I was lucky to be at MAN when the first -600 arrived and was on the ferry flight to LHR. The additional length of the -600 made the aisle surfing challenge more fun than usual :p
I've seen some videos of the takeoff roll of the A343's! I see what you mean.

I was hoping to get a flight on a -600 before they went into retirement, flying to Seattle via Atlanta but that won't happen now.
 
That's the end of an era for VS. A 340-300 did the inaugural flight into JNB...and went tech for the return. I'd been in country for six months setting up the operation. The Saffers had gone bonkers for the arrival of VS into their market and the whole event was being massively covered across the media. A hydraulic fitting had failed in the starboard wing, dropping fluid onto the ramp. The problem was that this was a fitting that NEVER failed, hence we and no-one else at Jan Smuts had any spares. We ended up getting the fitting flown out with the next day's aircraft. That was not a good day to be around RB.

On hot days out of JNB (6000ft above sea level), with CFM56 engines fitted to the -300's, the take off roll could often be charitably described as ''pedestrian''.

I was lucky to be at MAN when the first -600 arrived and was on the ferry flight to LHR. The additional length of the -600 made the aisle surfing challenge more fun than usual :p
Steward?
 
On hot days out of JNB (6000ft above sea level), with CFM56 engines fitted to the -300's, the take off roll could often be charitably described as ''pedestrian''.
A guy I used to work with went fixed-wing and ended up on the A340 with Virgin. He said that if you lost an engine on take-off there was not much margin between “phew!” and SPLAT!
 

Bob Upndown

War Hero
A guy I used to work with went fixed-wing and ended up on the A340 with Virgin. He said that if you lost an engine on take-off there was not much margin between “phew!” and SPLAT!
Some would say that Boksburg could do with the sort of remodelling a plane crash would allow :p

Unil the 744 and 346 arrived on the route, the cargo revenues were pretty poor and consignments mainly of lightweight commodities such as flowers.
 

Ritch

LE
Look at this for a photo. Taken from the latest Red Flag exercise.

2x RAF Typhoon practising a scramble to a USAF B52.

IMG_20200327_155347.jpg
 

Ritch

LE
That's a great picture, it needs to be 1920 x 1080 for me to
get it on as a windows desktop background though :)
Sorry, I stole it off Twitter.
 
Any Westland jockeys amongst us?

I've been watching a tv series on Yesterday called Warbird Workshop. It’s quite good. This episode is about the restoration of a Navy Westland Wessex.

 
That's the end of an era for VS. A 340-300 did the inaugural flight into JNB...and went tech for the return. I'd been in country for six months setting up the operation. The Saffers had gone bonkers for the arrival of VS into their market and the whole event was being massively covered across the media. A hydraulic fitting had failed in the starboard wing, dropping fluid onto the ramp. The problem was that this was a fitting that NEVER failed, hence we and no-one else at Jan Smuts had any spares. We ended up getting the fitting flown out with the next day's aircraft. That was not a good day to be around RB.

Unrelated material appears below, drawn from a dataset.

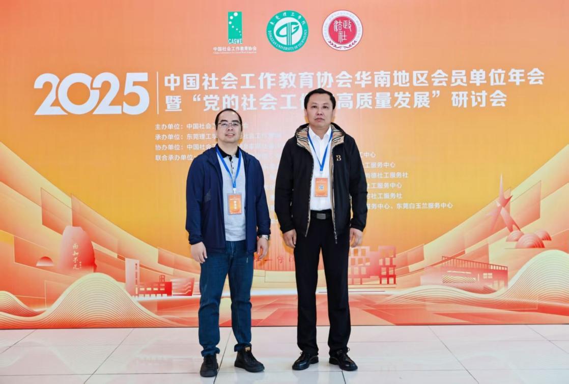 10月25日,中国社会工作教育协会2025年华南地区年会暨“党的社会工作与高质量发展”研讨会在东莞理工学院举行。beat365唯一官方网站公共治理学院党总支书记王光辉副教授、教工党支部委员黄远清博士应邀参会。
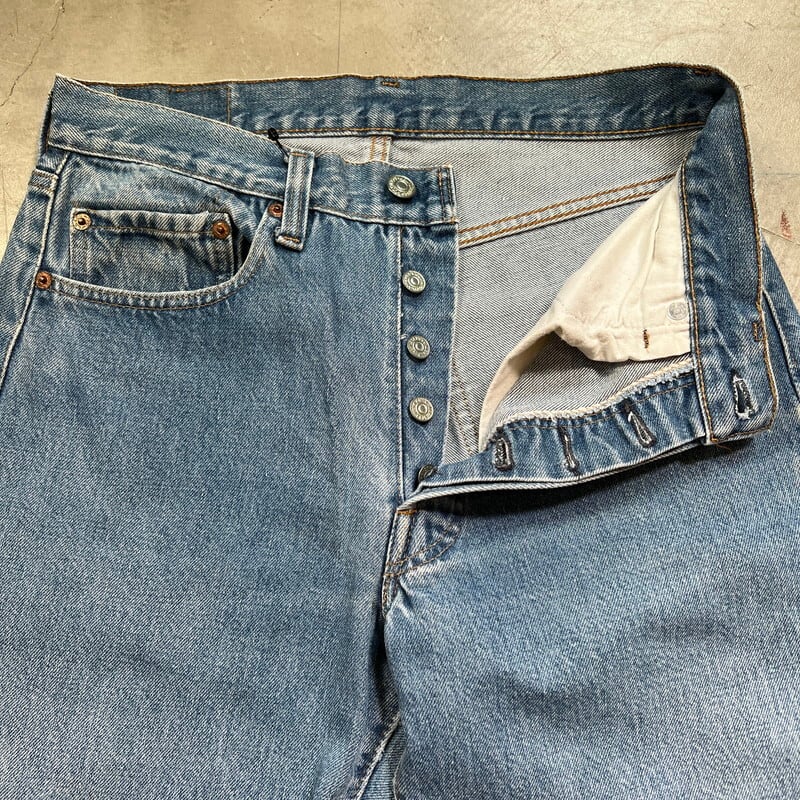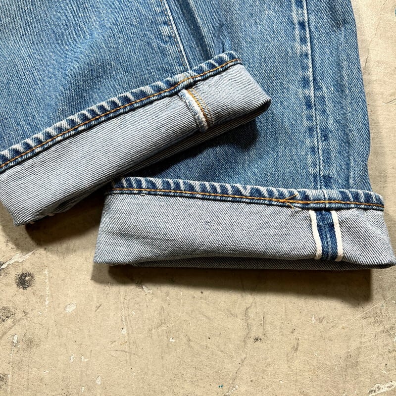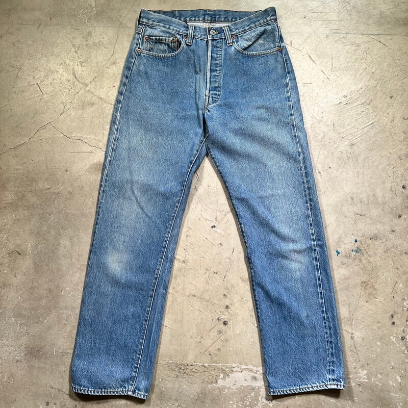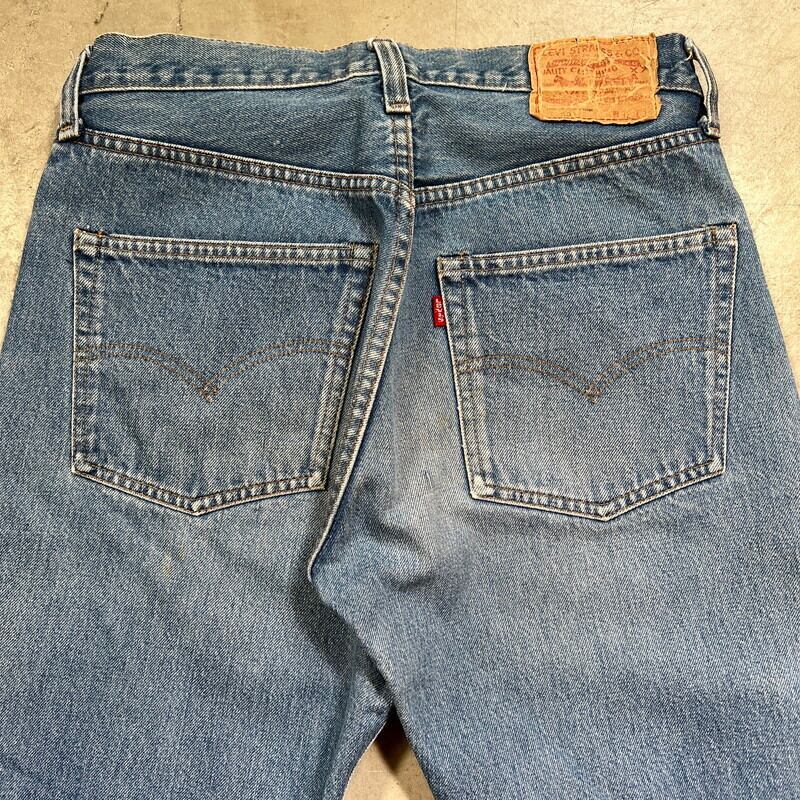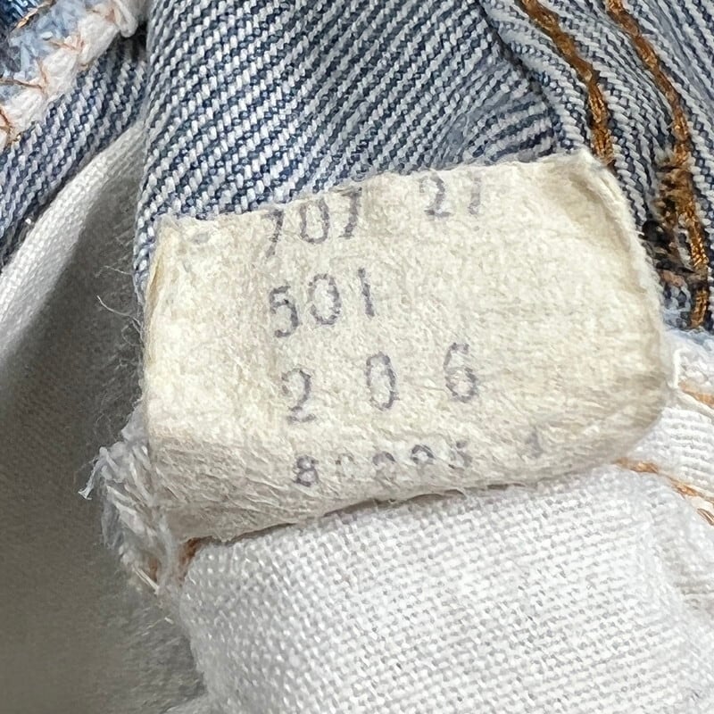 80年代初頭のLevi's501 デニムパンツです。トップボタン裏刻印6、ウォッチポケット裏チェーン、セルヴィッジ、アウトシーム裏シングル+チェーン、縮率8%、赤タブスモールe、バックポケット裏チェーン。全体的に色落ちしており色残りは3割程度です。1980年製造の66後期モデルですが、なぜか股のカンヌキがズレカンになっています。裾等に多少の擦れはございますが、その他ダメージ等無く、状態は良好です。W32表記ですが、実寸で約W30インチです。夏に合わせやすい色味ですので、バンTee等と合わせてみてはいかがでしょうか。男女共に穿きやすいサイズでオススメです。

On hot days out of JNB (6000ft above sea level), with CFM56 engines fitted to the -300's, the take off roll could often be charitably described as ''pedestrian''.

I was lucky to be at MAN when the first -600 arrived and was on the ferry flight to LHR. The additional length of the -600 made the aisle surfing challenge more fun than usual :p
Getting airborne by virtue of the curvature of the earth, an Airbus speciality.
 

Ritch

LE
Getting airborne by virtue of the curvature of the earth, an Airbus speciality.
I'm surprised just how slow some Airbus' seem to climb. I often get get heavies of Heathrow heading overhead on the way to America/Mexico and usually the Boeing's are already at altitude. I often see Airbus types still climbing and I'm 160 miles from Heathrow as the crow flies.